▶ **TASK GOAL**
The exercise calls for the lines from the one containing "- DIMENSIONS: Measures" to the end of the data below to be output exactly, pictures excluded.

[Records from a collection]

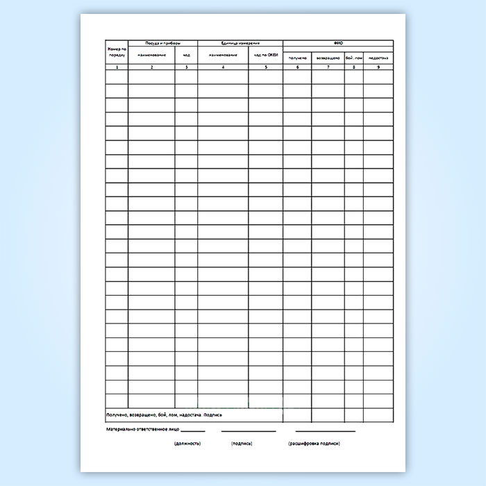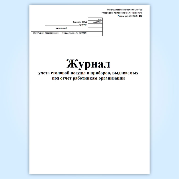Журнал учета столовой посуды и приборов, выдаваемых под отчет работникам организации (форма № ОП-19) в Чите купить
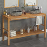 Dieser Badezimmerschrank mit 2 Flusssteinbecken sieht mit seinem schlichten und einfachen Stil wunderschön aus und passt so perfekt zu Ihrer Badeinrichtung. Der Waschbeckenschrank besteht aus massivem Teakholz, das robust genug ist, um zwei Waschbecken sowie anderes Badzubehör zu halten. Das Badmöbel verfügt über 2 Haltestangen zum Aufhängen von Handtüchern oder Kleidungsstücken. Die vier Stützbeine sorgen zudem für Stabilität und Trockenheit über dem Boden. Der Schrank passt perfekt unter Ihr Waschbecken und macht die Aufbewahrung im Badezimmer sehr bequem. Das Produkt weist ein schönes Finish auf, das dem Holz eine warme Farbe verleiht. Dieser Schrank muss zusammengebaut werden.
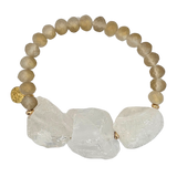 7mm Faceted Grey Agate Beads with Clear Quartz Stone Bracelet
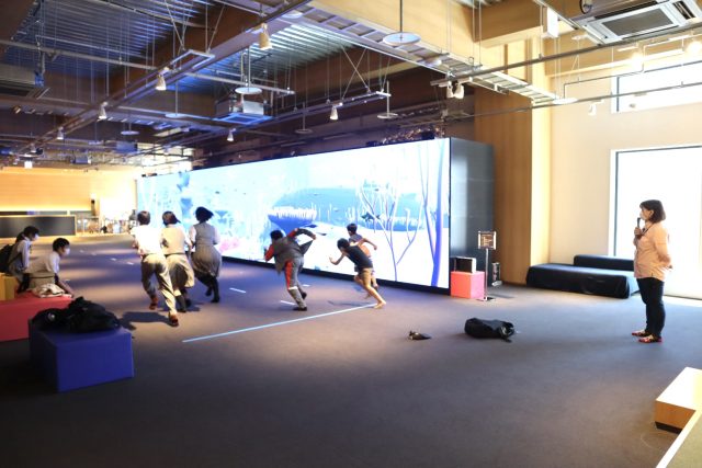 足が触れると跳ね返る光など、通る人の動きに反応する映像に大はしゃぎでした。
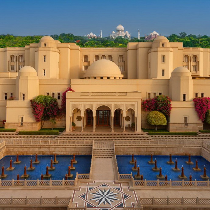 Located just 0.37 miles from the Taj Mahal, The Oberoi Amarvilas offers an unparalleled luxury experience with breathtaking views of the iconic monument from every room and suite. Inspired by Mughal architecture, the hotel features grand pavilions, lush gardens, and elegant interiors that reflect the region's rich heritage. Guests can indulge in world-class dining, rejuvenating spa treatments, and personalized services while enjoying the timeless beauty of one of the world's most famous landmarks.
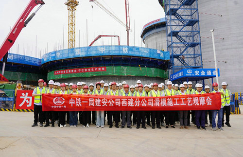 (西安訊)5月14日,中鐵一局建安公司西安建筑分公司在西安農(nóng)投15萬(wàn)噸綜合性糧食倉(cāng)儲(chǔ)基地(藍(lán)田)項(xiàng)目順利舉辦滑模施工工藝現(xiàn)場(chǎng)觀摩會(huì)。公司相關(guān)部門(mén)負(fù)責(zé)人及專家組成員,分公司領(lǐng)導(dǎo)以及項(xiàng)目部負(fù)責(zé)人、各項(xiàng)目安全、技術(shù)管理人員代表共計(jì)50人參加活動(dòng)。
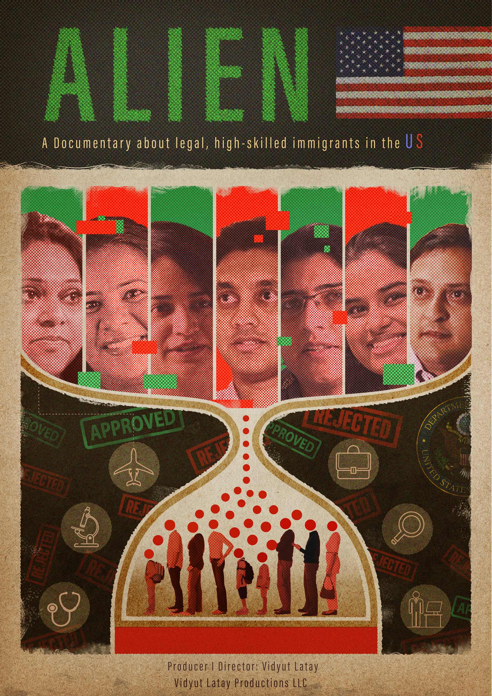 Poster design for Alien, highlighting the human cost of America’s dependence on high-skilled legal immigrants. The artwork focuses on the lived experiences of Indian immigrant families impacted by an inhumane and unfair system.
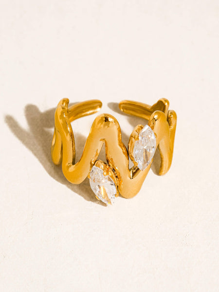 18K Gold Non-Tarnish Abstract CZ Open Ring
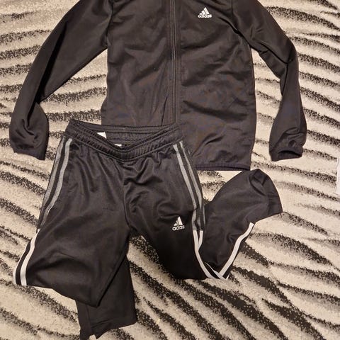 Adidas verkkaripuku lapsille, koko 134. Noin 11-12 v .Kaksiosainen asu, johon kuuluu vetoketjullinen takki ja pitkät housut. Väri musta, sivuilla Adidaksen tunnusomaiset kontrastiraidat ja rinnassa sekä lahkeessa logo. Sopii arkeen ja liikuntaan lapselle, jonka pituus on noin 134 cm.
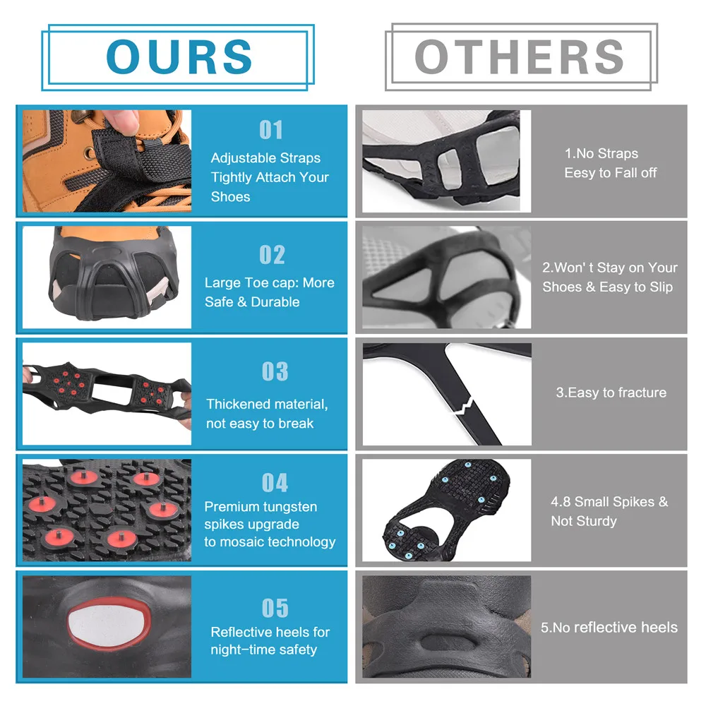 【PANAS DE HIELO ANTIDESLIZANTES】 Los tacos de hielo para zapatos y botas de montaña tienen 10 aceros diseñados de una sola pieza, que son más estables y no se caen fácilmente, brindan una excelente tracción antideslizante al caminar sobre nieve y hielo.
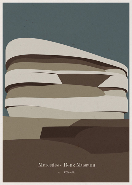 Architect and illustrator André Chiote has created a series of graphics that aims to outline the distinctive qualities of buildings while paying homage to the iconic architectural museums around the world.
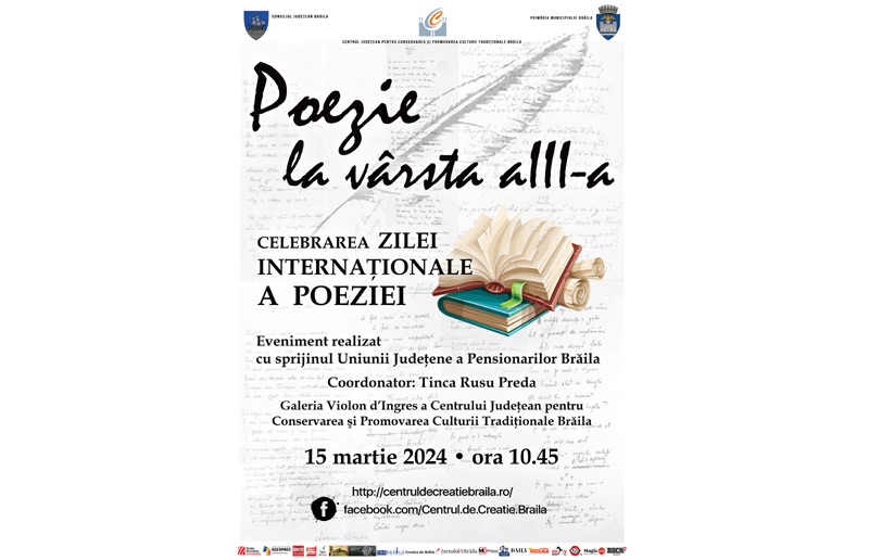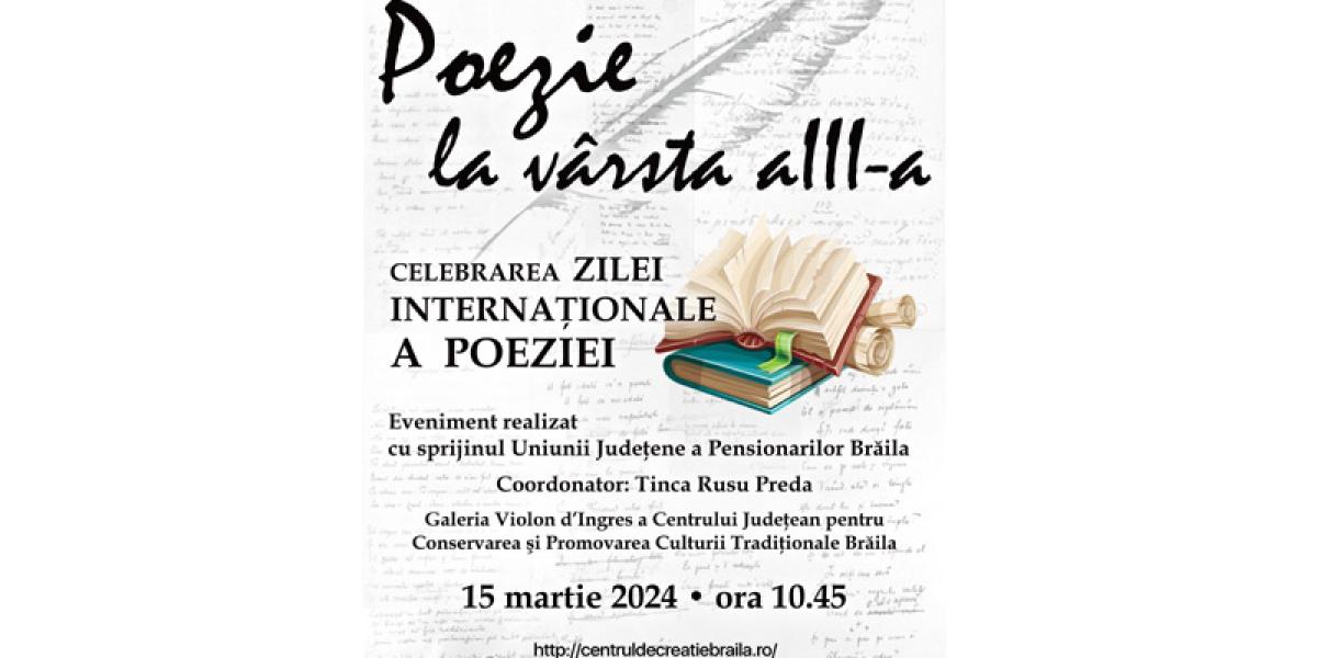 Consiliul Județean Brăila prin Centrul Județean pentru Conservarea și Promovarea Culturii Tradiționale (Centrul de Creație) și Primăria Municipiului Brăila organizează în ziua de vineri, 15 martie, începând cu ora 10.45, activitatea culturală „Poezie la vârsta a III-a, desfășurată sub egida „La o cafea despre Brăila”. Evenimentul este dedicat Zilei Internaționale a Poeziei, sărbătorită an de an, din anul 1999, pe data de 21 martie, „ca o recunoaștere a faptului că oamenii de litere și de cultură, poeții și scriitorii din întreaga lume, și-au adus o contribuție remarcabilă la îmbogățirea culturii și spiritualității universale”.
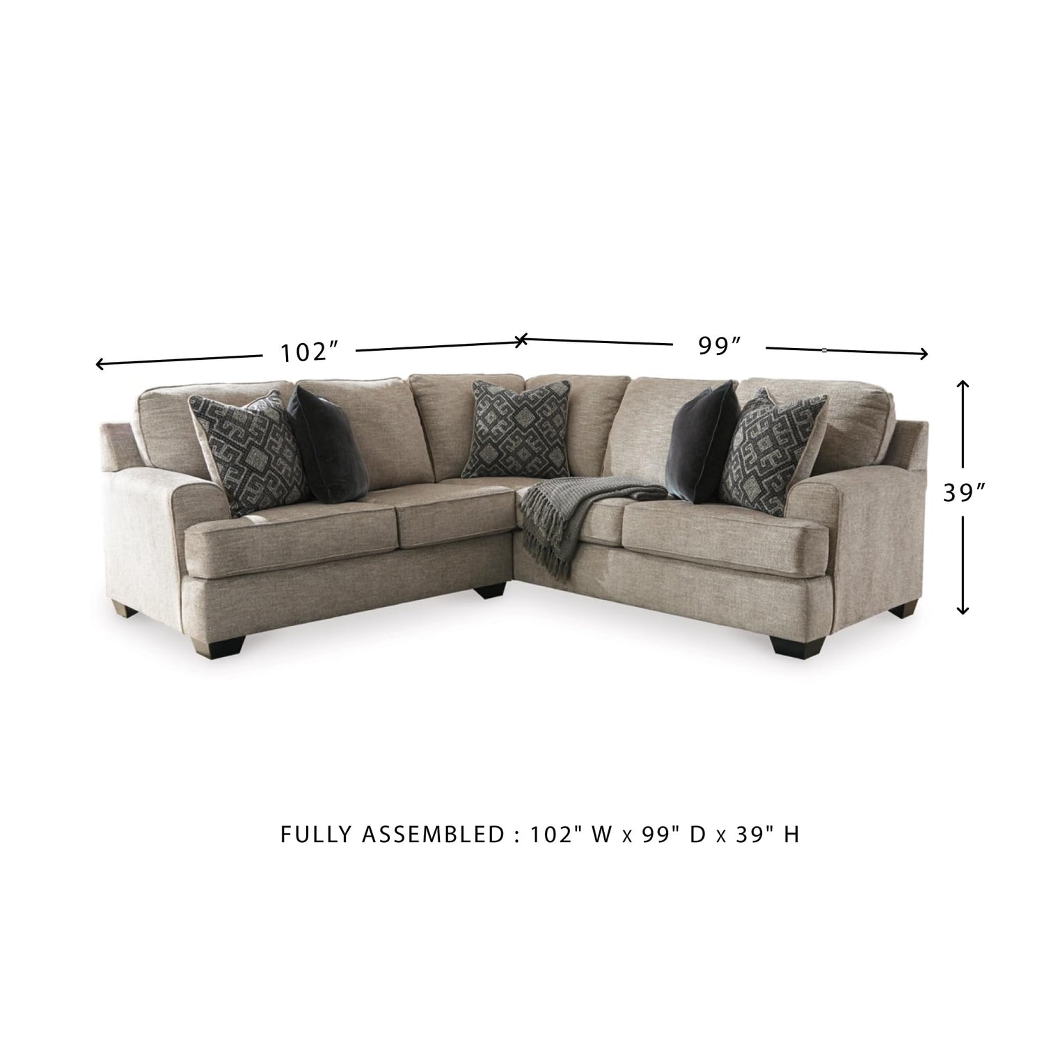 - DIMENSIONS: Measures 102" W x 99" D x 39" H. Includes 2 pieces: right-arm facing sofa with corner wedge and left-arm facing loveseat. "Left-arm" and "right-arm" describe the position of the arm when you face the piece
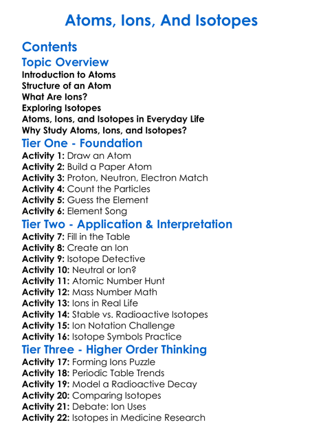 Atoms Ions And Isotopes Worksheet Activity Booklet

▶ **ANSWER TO THIS PROBLEM**
 - DIMENSIONS: Measures 102" W x 99" D x 39" H. Includes 2 pieces: right-arm facing sofa with corner wedge and left-arm facing loveseat. "Left-arm" and "right-arm" describe the position of the arm when you face the piece
 Atoms Ions And Isotopes Worksheet Activity Booklet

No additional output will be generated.